I don't think there is a way (for Discourse), or no useful way... for SO there is a process, and it's documented on SO... and true we could point them there... but I think that'd be a pretty round-about route for someone to take... it's far more likely they just ask on SO and never find our README or docs at all. So I guess the first use case (how do I use custom languages with Discourse) sounds a lot more helpful to me personally... though I don't know that I'm opposed to the latter, just not sure I see the usefulness yet. |
@allejo Do you find my changes an improvement to this file though? If so we should merge it until we have something better. |
Personally, I think the "how to use custom languages with Discourse" should live in the Discourse documentation. Same with SO's and Discord's integration. But since the question was brought up on where it'd live in highlight.js' docs, I'd think it belongs in RTD and not the README. Like you said, the README is long enough and it's not something the average user who wants to highlight their code would care about.

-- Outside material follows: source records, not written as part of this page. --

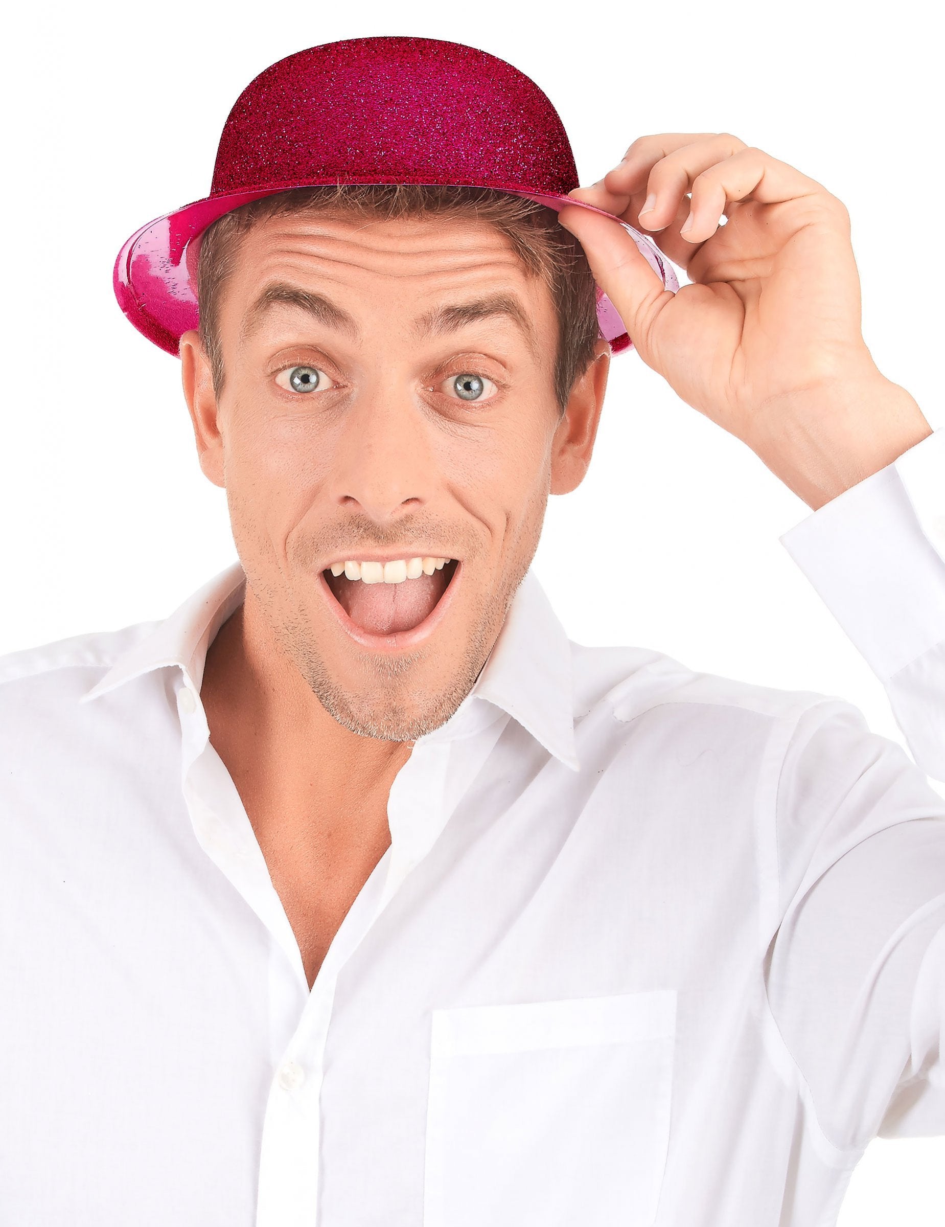 Тази шапка за възрастни пъпеши е изработена от фина пластмаса Fuschia. Покрит е с блясък, който ще му придаде лъскав вид. Той има завой на главата от около 56,5 cm. Този аксесоар ще бъде идеален за завършване на цветна маскировка в карнавалната вечер.
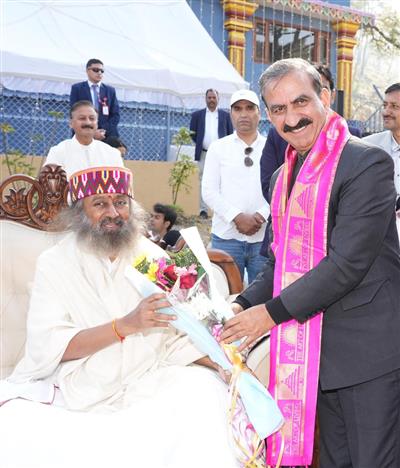 CM offers prayers with Sri Sri Ravi Shankar at Palampur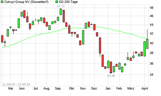 Mit dem Anstieg auf 42,82 EUR hat die Colruyt-Aktie am 10.04.2025 die 200-Tage-Linie nach oben gekreuzt.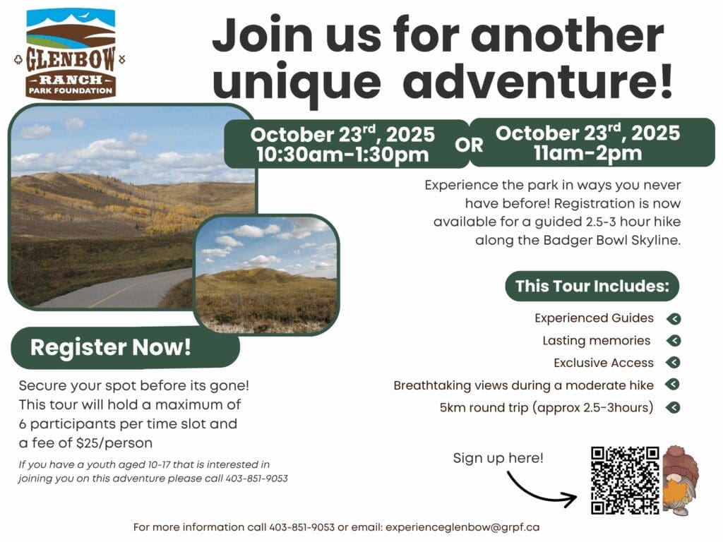 Step off the beaten path and into the dramatic landscapes of Glenbow Ranch. This challenging journey will take you along the spectacular skyline of the ridge surrounding Badger Bowl. You will be climbing up to the ridgeline and traversing into one of the restricted areas of the park, exploring steep slopes, coulees, and incredible vistas. This 5.0km hike takes you from Bowbend Junction up the skyline to Windmill Lookout and back. This is not your average walk in the park. It will be an adventure with elevation gains and losses and uneven terrain to conquer that leave you with lasting memories.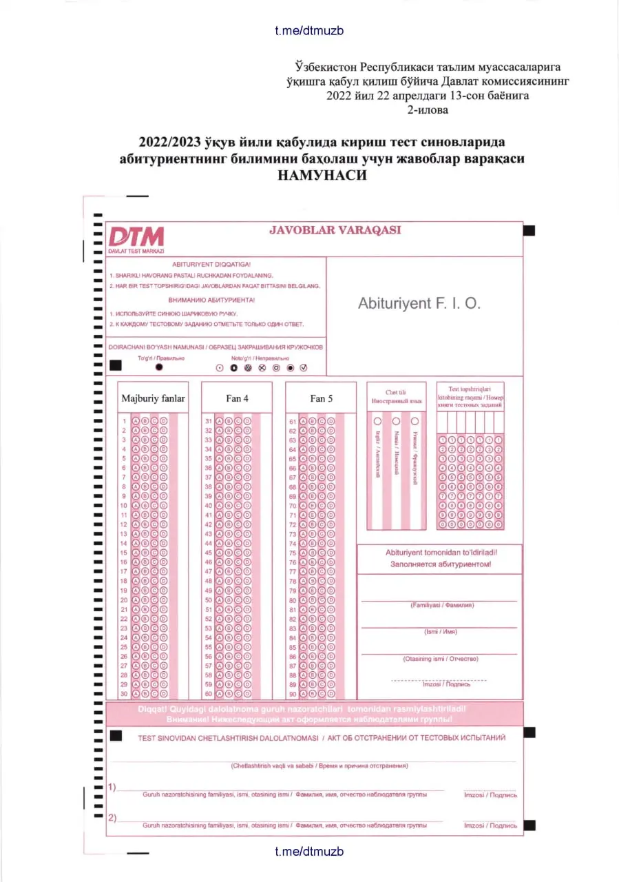 Bu yilgi test javoblar varaqasi namunasi tasdiqlandi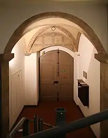 Below are remains of the original structures, as they are in the entrance hall of the palace with ribbed vaults decorated with fourteenth-century motifs, from which the original staircase was accessed. The internal courtyard decorated with graffito is lost.[4] On the left edge of the front on Via degli Strozzi there is a shield (indicated as fifteenth-century, but what we see today is evidently a cast) with the coat of arms of the Anselmi (blue, erased by five pieces of silver). On the corner with Via de' Sassetti is that of the Ristori of the San Giovanni district (golden, with the blue cross set aside by four red roses), placed in 1893.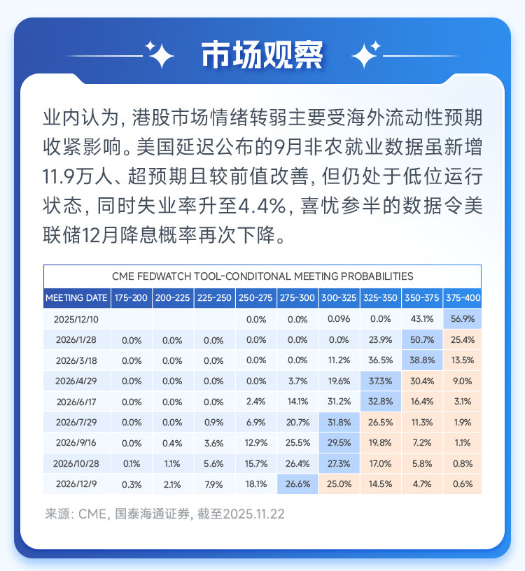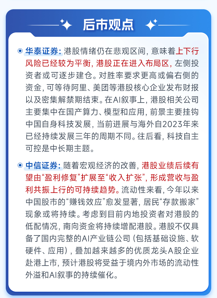 中信证券:随着宏观经济的改善,港股业绩后续有望由“盈利修复”扩展至“收入扩张”,形成营收与盈利共振上行的可持续趋势。流动性来看,今年以来中国股市的“赚钱效应”愈发显著,居民“存款搬家”现象或将持续。考虑到目前内地投资者对港股的低配情况,南向资金将持续增配港股。港股不仅具备了国内完整的AI产业链公司(包括基础设施、软硬件、应用),叠加越来越多的优质龙头A股企业赴港上市,预计港股将受益于境内外市场的流动性外溢和A/叙事的持续催化。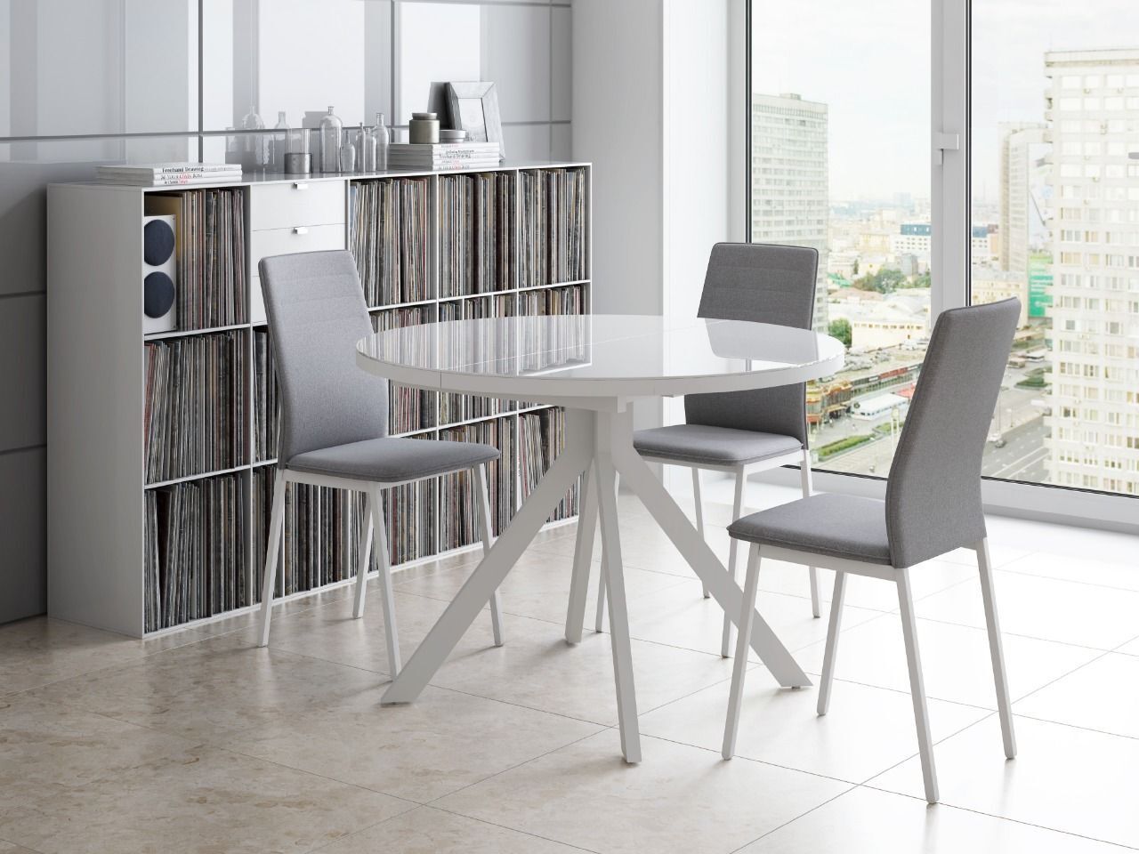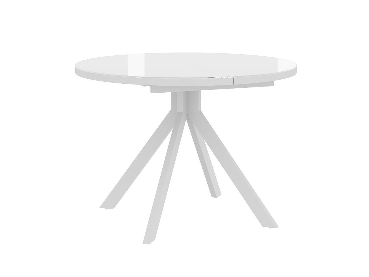 Стол круглый раздвижной с глянцевым стеклом "Толедо-110" (Белый оптивайт/Белый):

I think this PR as-is is good and clears up enough 👍 |
Ah, Read the Docs, that just clicked with me, LOL. @bradcray Does Discourse have any type of place to perhaps naturally put information like that, wiki, etc? |
I don't really know Discourse well enough to know for sure. The only things I've found are their discussion forums on meta.discourse.org (which is where I figured out it was possible for an admin to enable to new highlight.js languages in a given discourse instance, though the instructions were not particularly clear, particularly for discourse n00bs) and their API documentation (which is a lot lower level from what I've seen). To be clear, I'm fine with dropping the knowledge on the floor as well. I've got it in my README, so I'm good and was only offering it up in case you wanted to make it available to others through your docs. |
Where is your README? |
Here, though note that it's written up as notes to myself / my team rather than anything intended for consumption by the general public: |
Changes
As someone interested in contributing a new language to Highlight.js, I ended up very confused by the distinct messages in
language-contribution.rst
and the GitHub PR template (each of which seemed to be saying "sure you can contribute new languages, no problem, come on in!") versusextra/3RD_PARTY_QUICK_START.md
which seemed to be all about "here's how you can add your own language without contributing it back to us" (which led me to wonder "Why would anyone prefer to do that?" Only after some interaction with the team, did I learn that this is the only option that's really available.To that end, I drafted some text updating item 1 in
language-contribution.rst
to try and clarify the situation for future developers from the outset rather than having people be confused and requiring clarification from the team to settle things out. I'm sure it could be improved further, but I think this would have set my expectations and understanding better from the very start.